I also like the symmetry with using a dict with __slots__ for defining attributes and defaults (added in Python 3.8).

pf_moore · April 30, 2024, 2:44pm

Personally, I don’t feel that it’s particularly worth it. Having said that, in my own code I tend to simply use a lambda rather than reaching for itemgetter, and so writing my own helper (which is, after all, only a couple of lines of code) seems perfectly natural to me.

Presumably the benefit of itemgetter is performance^[1]? So I think the argument for allowing defaults should probably also revolve around performance - can the defaults be implemented efficiently, and does the existence of the option to include defaults harm performance of the no-defaults case?

FWIW, itemgetter is over 4 times faster than a Python function, so yes, performance is relevant here. But even a Python function runs in nanoseconds, so I imagine it’s only important in pretty hot code…

❯ py -m timeit -s "from operator import itemgetter; d=dict(zip('abcdefghi', range(10)))" "x = itemgetter('a','c','e')(d)"
2000000 loops, best of 5: 147 nsec per loop
❯ py -m timeit -s "from operator import itemgetter; d=dict(zip('abcdefghi', range(10))); f = lambda *k: (lambda d: tuple(d[kk] for kk in k))" "x = f('a','c','e')(d)"
500000 loops, best of 5: 624 nsec per loop

I’d have a hard time believing it’s the attractive and intuitive name ↩︎

ptmcg · April 30, 2024, 2:57pm

Moving the itemgetter call into the setup string (since itemgetter is usually only called once and then used against many mappings) shows 7X performance:

> py -m timeit -s "from operator import itemgetter; d=dict(zip('abcdefghi', range(10))); fn=itemgetter('a','b','c')" "x = fn(d)"
5000000 loops, best of 5: 53.3 nsec per loop
> py -m timeit -s "from operator import itemgetter; d=dict(zip('abcdefghi', range(10))); f = lambda *k: (lambda d: tuple(d[kk] for kk in k)); fn=f('a','c','e')" "x = fn(d)"
1000000 loops, best of 5: 351 nsec per loop

(For raw time comparison with your numbers, the first timeit that you ran runs on my machine in 99.4 nsec per loop.)

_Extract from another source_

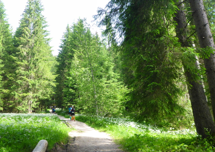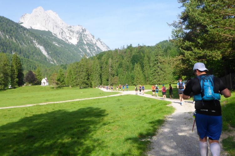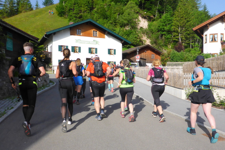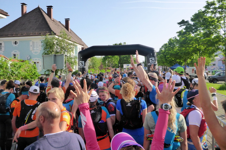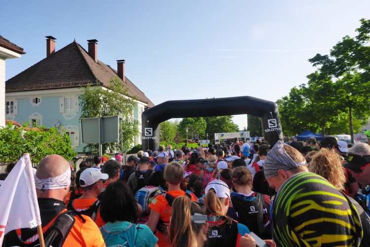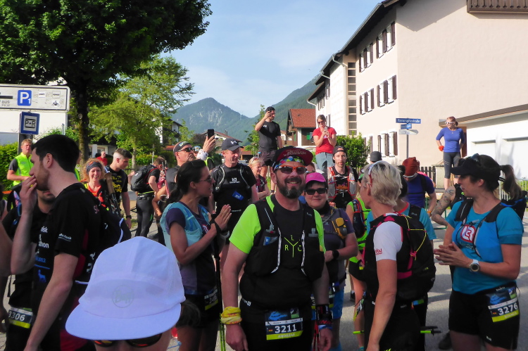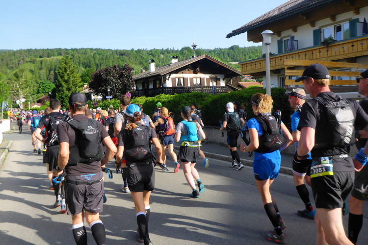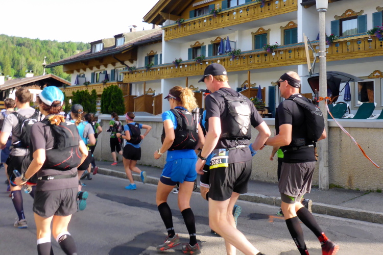 Noch einmal der Hinweis, bei Gewitter den nächsten Verpflegungsposten anzusteuern. Dann dröhnt schon „Highway to Hell“ aus den Lautsprechern, es wird heruntergezählt und der Bürgermeister von Mittenwald gibt das Startsignal. Laura und ich laufen getrennt, sie ist mittlerweile deutlich schneller und ich darf mich nicht hetzen lassen. Das Wetter ist mild und sonnig, das wird ein schöner, warmer Tag.

ptmcg · April 30, 2024, 3:06pm

The no-defaults cases (with a single arg or with multiple args) return the exact same function as the current code does, so there is no impact to the performance of running the generated callable for all existing usages. As for the runtime of the proposed with-defaults case, one improvement I can see would be to capture item.items() into a list or tuple before defining func, and then just iterating over that (instead of calling items() repeatedly).

ptmcg · April 30, 2024, 3:31pm

Adding defaults to attrgetter may be a little trickier, since attrgetter supports access to attributes in object substructures, like fn = attrgetter('attr.subattr.subsubattr'); fn(obj) will return obj.attr.subattr.subsubattr - I suppose the default could be applied if any of the intervening attributes were missing? (Current behavior is to raise AttributeError.)

Jelle · April 30, 2024, 3:40pm

If you use a lambda tailored to the specific job, the performance difference is much smaller:

% ~/.pyenv/versions/3.12.2/bin/python -m timeit -s "from operator import itemgetter; d=dict(zip('abcdefghi', range(10))); fn = lambda d: (d['a'], d['b'], d['c'])" "x = fn(d)"
5000000 loops, best of 5: 68.9 nsec per loop
% ~/.pyenv/versions/3.12.2/bin/python -m timeit -s "from operator import itemgetter; d=dict(zip('abcdefghi', range(10))); fn=itemgetter('a','b','c')" "x = fn(d)"
5000000 loops, best of 5: 62.7 nsec per loop

That’s how I’d personally write this; I feel the operator functions generally don’t make the code easier to understand, and the performance difference is usually unlikely to matter in practice.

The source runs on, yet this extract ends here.